Just a little bit. Everything in Kristoph’s cell is — off. Phoenix himself is off, wearing his old blue suit for one last hurrah. He’s not sure why he put it on. He supposes he wants to feel like he can be that person again. He supposes he wants to tell Kristoph, without fumbling for the words he always misplaces when he’s around him, that he can be that person again. He’s not sure if Kristoph will believe it.

Still, though. Kristoph pauses halfway through putting trinkets in a box neatly labelled for — Phoenix squints, then regrets it — Klavier. He looks small. No less well groomed than he was, that first day Phoenix had met him, but small. Circumscribed by the emptying shelves around him, by the quiet calm he has as he sits.

“I hoped you’d come,” Kristoph says.

Four words, and already Phoenix is ready to swing at shadows again. Pick apart his meaning. But Kristoph sits, and his hands are empty and neatly folded in his lap, and he smiles at Phoenix, and:

“I never loved you.” Phoenix says it, and suddenly it’s true. It’s important, in some desperate way. The ace up his sleeve, no blood this time, four words in turn. He never loved him. Kristoph never had him fully under his control, not really.

“Didn’t you?”

“No,” Phoenix says, and believes it.

“I see.” Kristoph unlaces his fingers, then laces them the other way, the other thumb on top. He doesn’t look at Phoenix as he does it. “I did. Love you, that is.”


Phoenix buckles himself into the passenger seat of Edgeworth’s rental car and suddenly — here of all places, a sunny Paris morning, so far away from anyone who would know what’s been done to him — he has to put his head between his knees and force breath into his body, one heaving inhale at a time.

“Wright?” Edgeworth’s hand skims his knee, then hovers, a smear at the periphery of his vision.

“I don’t know why he hasn’t killed me,” Phoenix says, apropos of nothing. He hadn’t quite put this together before now, though the pieces were there. The capacity for murder, the knowledge, the stomach for it. The hands he’s had in his hair. “He’s certainly had the chance.”

The Mishams and Brushel feeling like they’re being watched. Trucy’s uncharacteristic reticence about the man who gave her the note: I don’t know, Daddy. I don’t remember. Like her profession doesn’t depend on remembering everything. On reading people, and reacting to them appropriately.

Everything slides into sickening clarity. He’s been so stupid. The sunlight streams through the windshield, catching on the clear gloss on Edgeworth’s fingernails.
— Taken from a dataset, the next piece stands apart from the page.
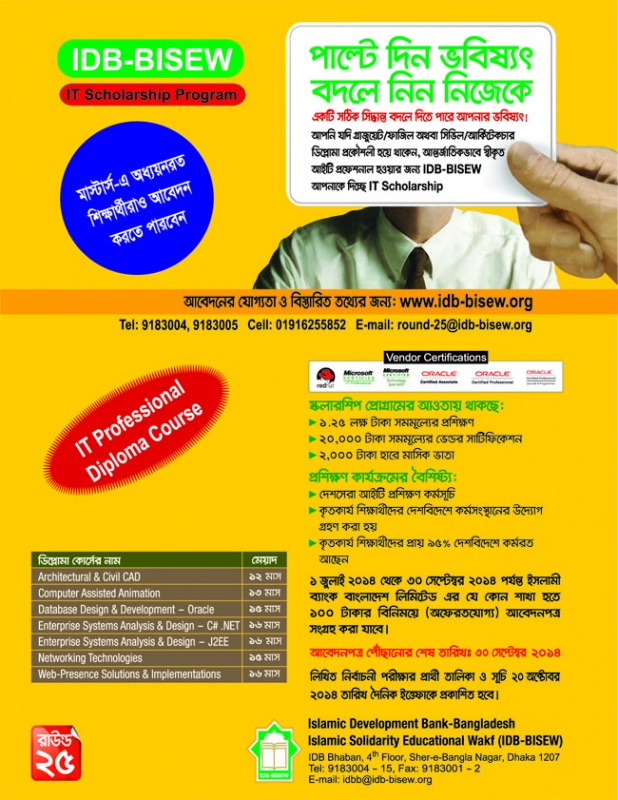 ২ লক্ষ+ টাকার আই,টি স্কলারশিপ নিন। IDB-BISEW দিচ্ছে এই সুযোগ।

The hoodie comes first. It’s entirely deliberate, at first; being disbarred doesn’t mean his suit vanishes into thin air, after all. He has his blue suit. If he didn’t want to be recognized quite so easily, he has a black suit, somewhere in the back of his wardrobe, the one he’d worn for mock trials in law school. He’d found it at the back of a thrift shop with a sachet of crumbling potpourri in a pocket. The label marked it as a uniform for hotel staff; the price tag said it was twenty dollars.

It would have been enough to meet Kristoph in that suit, appallingly fitted as it is. But Phoenix reaches into the very depths of his wardrobe and finds that hoodie, one Larry had bought him in a rare fit of generosity. You need comfy clothes, he’d said. Then you won’t become the kind of lawyer who’s an asshole cause you’ve forgotten how not to wear a suit.

It’s the first time he’s worn it, but it’s somehow already fuzzy with pilling. Kristoph raises an eyebrow when Phoenix slides into the seat across the table. There’s a flicker of distaste there, before he busies himself again with the menu.

Push and pull. Testing the waters. Kristoph is a mystery, still, but it’s easy to aggravate him enough that he shows it. Aggravate, verb: to annoy. Aggravate, verb, legal: to make worse, both action and consequence.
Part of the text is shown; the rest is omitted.